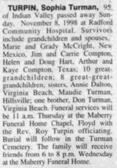 nee Sophia Helen Turman, d/o Charlie Mack “Mack” &
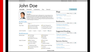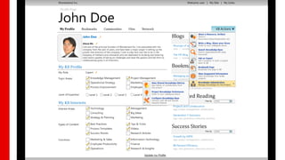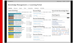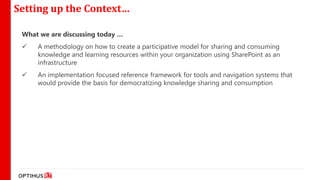The document discusses creating a participative model for knowledge management and learning using SharePoint as an infrastructure, highlighting the current approach, emerging needs, and the vision for pervasive knowledge management. It emphasizes overcoming cultural barriers to adoption and integrating knowledge sharing tools into everyday work practices. The document outlines steps and strategies for organizations to effectively implement and leverage SharePoint for enhanced knowledge collaboration and resource sharing.
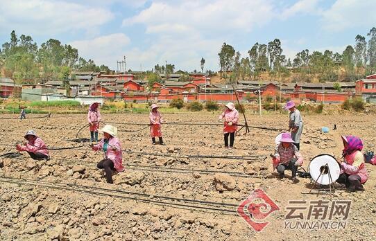 在今年的春耕备耕中,大姚县大力推广滴灌、喷灌等现代节水农业,让水资源得以充分利用,缓解农业生产中水资源不足矛盾,确保农业的可持续发展。图为近日,金碧镇姜沙湾小组群众正在种植的滇红、金边食用玫瑰大田里铺设输水滴灌管。
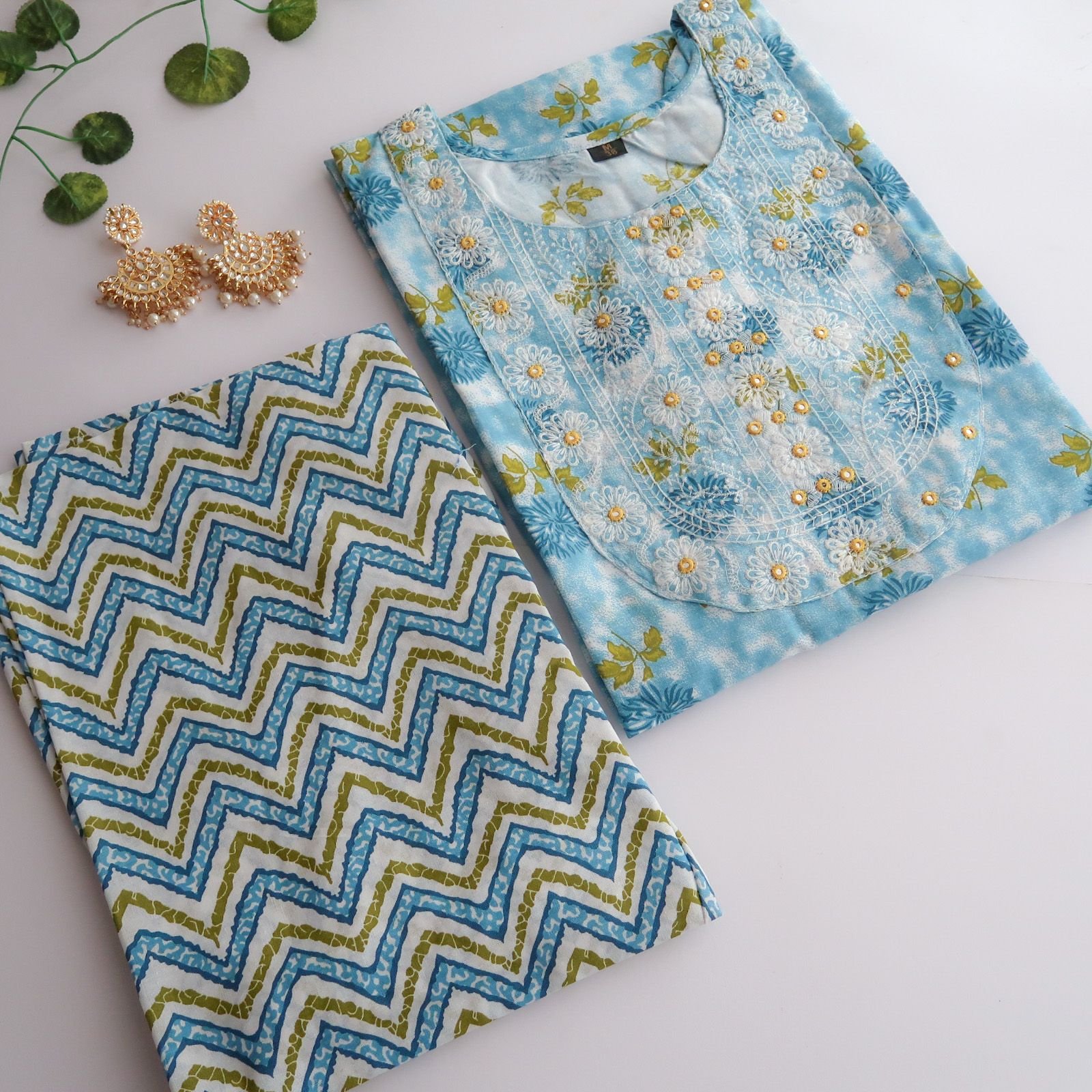 cotton kurta with cotton pants, Half drawstring and half elastic closure.

■ **WORK TO COMPLETE**
The answer is the whole listing above, written out verbatim, without its pictures.

■ **ANSWER SECTION**
 nee Sophia Helen Turman, d/o Charlie Mack “Mack” &
The document discusses creating a participative model for knowledge management and learning using SharePoint as an infrastructure, highlighting the current approach, emerging needs, and the vision for pervasive knowledge management. It emphasizes overcoming cultural barriers to adoption and integrating knowledge sharing tools into everyday work practices. The document outlines steps and strategies for organizations to effectively implement and leverage SharePoint for enhanced knowledge collaboration and resource sharing.
 在今年的春耕备耕中,大姚县大力推广滴灌、喷灌等现代节水农业,让水资源得以充分利用,缓解农业生产中水资源不足矛盾,确保农业的可持续发展。图为近日,金碧镇姜沙湾小组群众正在种植的滇红、金边食用玫瑰大田里铺设输水滴灌管。
 cotton kurta with cotton pants, Half drawstring and half elastic closure.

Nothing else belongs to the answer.